• _EXERCISE PROMPT_
Exactly reproduce the lines of the listing below from the one containing "磁吸挤牙膏器家用卡通多巴胺护手霜洗面奶夹壁挂卫生间挤牙膏神器" through the one containing "La Unidad Educativa". Skip the images.

• _TASK INPUTS_
◇ ◇ ◇
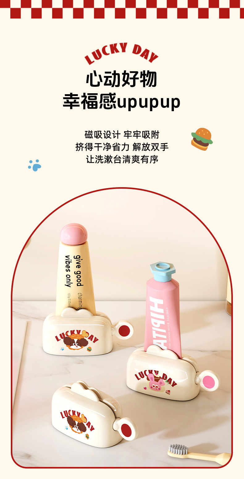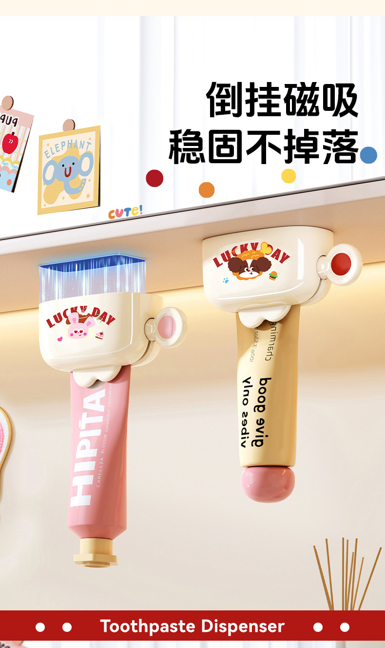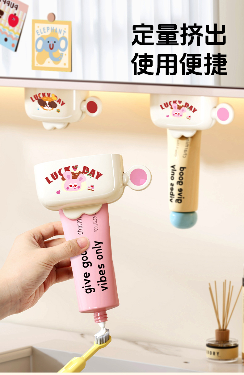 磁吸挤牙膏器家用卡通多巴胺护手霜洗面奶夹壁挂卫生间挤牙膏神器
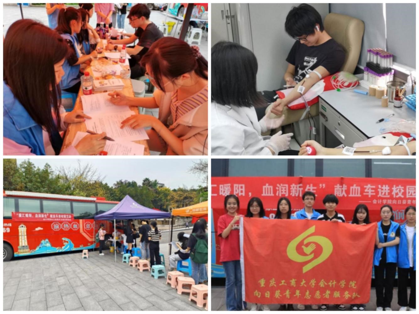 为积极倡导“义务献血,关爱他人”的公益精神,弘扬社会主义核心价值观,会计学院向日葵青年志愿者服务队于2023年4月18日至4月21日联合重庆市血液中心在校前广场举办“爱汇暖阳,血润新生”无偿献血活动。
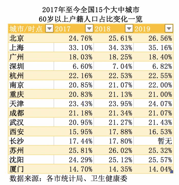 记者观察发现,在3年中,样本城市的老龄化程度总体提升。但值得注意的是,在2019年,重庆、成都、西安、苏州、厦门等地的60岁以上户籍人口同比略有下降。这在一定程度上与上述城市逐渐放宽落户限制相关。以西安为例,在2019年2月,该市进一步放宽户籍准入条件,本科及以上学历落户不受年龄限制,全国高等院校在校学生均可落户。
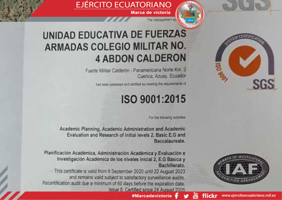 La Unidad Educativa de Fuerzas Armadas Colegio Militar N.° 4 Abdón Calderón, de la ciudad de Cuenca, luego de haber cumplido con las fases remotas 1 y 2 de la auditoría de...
◇ ◇ ◇
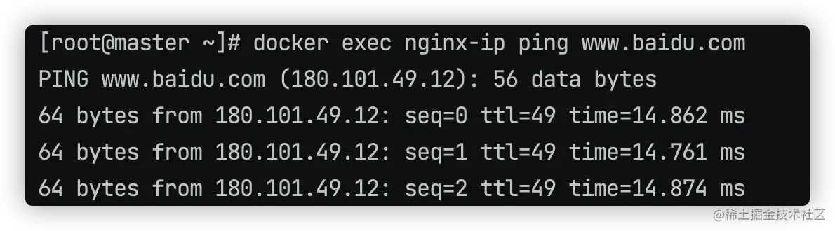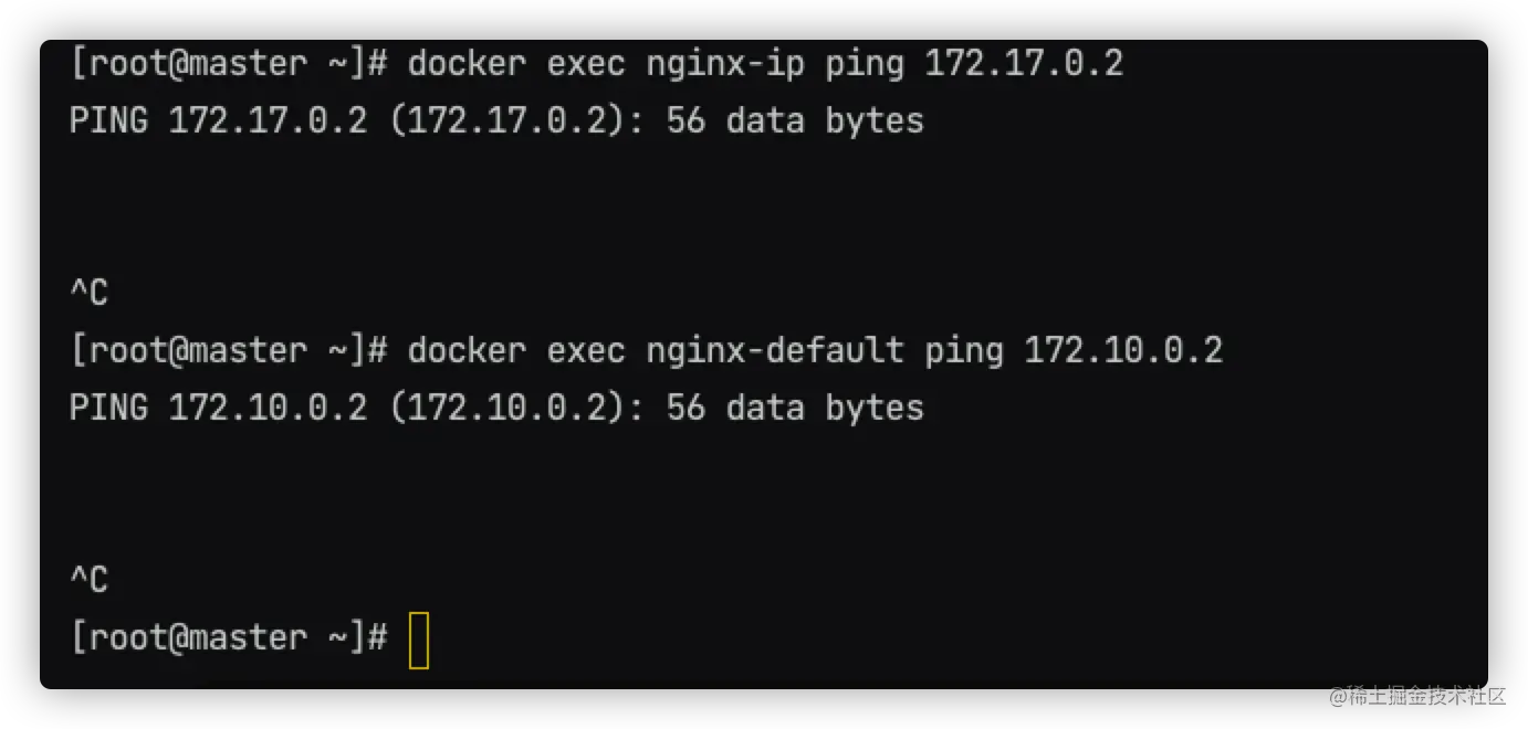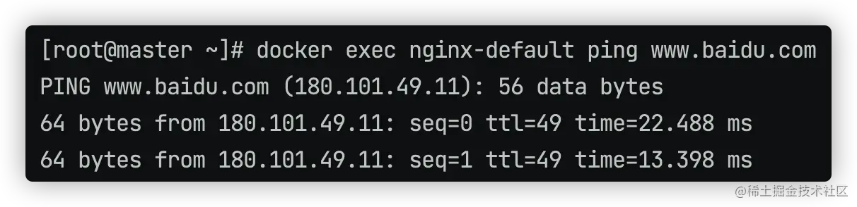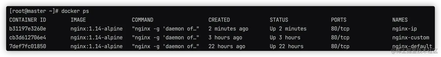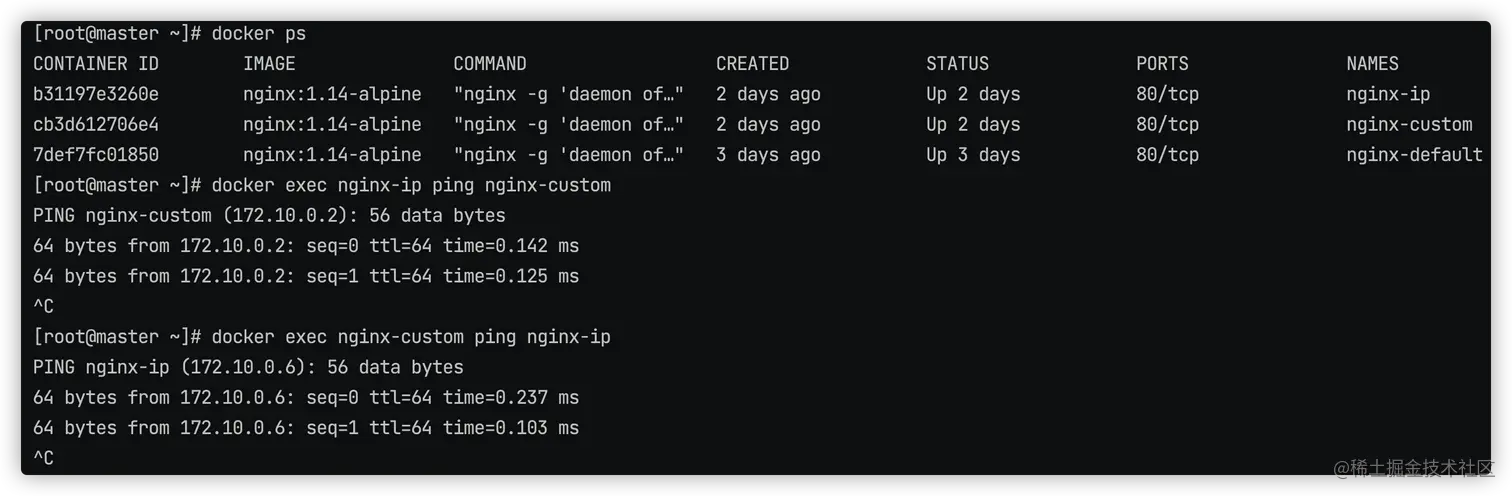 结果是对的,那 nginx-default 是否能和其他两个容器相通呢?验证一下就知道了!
◇ ◇ ◇
• _RESPONSE TO THE EXERCISE_
 磁吸挤牙膏器家用卡通多巴胺护手霜洗面奶夹壁挂卫生间挤牙膏神器
 为积极倡导“义务献血,关爱他人”的公益精神,弘扬社会主义核心价值观,会计学院向日葵青年志愿者服务队于2023年4月18日至4月21日联合重庆市血液中心在校前广场举办“爱汇暖阳,血润新生”无偿献血活动。
 记者观察发现,在3年中,样本城市的老龄化程度总体提升。但值得注意的是,在2019年,重庆、成都、西安、苏州、厦门等地的60岁以上户籍人口同比略有下降。这在一定程度上与上述城市逐渐放宽落户限制相关。以西安为例,在2019年2月,该市进一步放宽户籍准入条件,本科及以上学历落户不受年龄限制,全国高等院校在校学生均可落户。
 La Unidad Educativa de Fuerzas Armadas Colegio Militar N.° 4 Abdón Calderón, de la ciudad de Cuenca, luego de haber cumplido con las fases remotas 1 y 2 de la auditoría de...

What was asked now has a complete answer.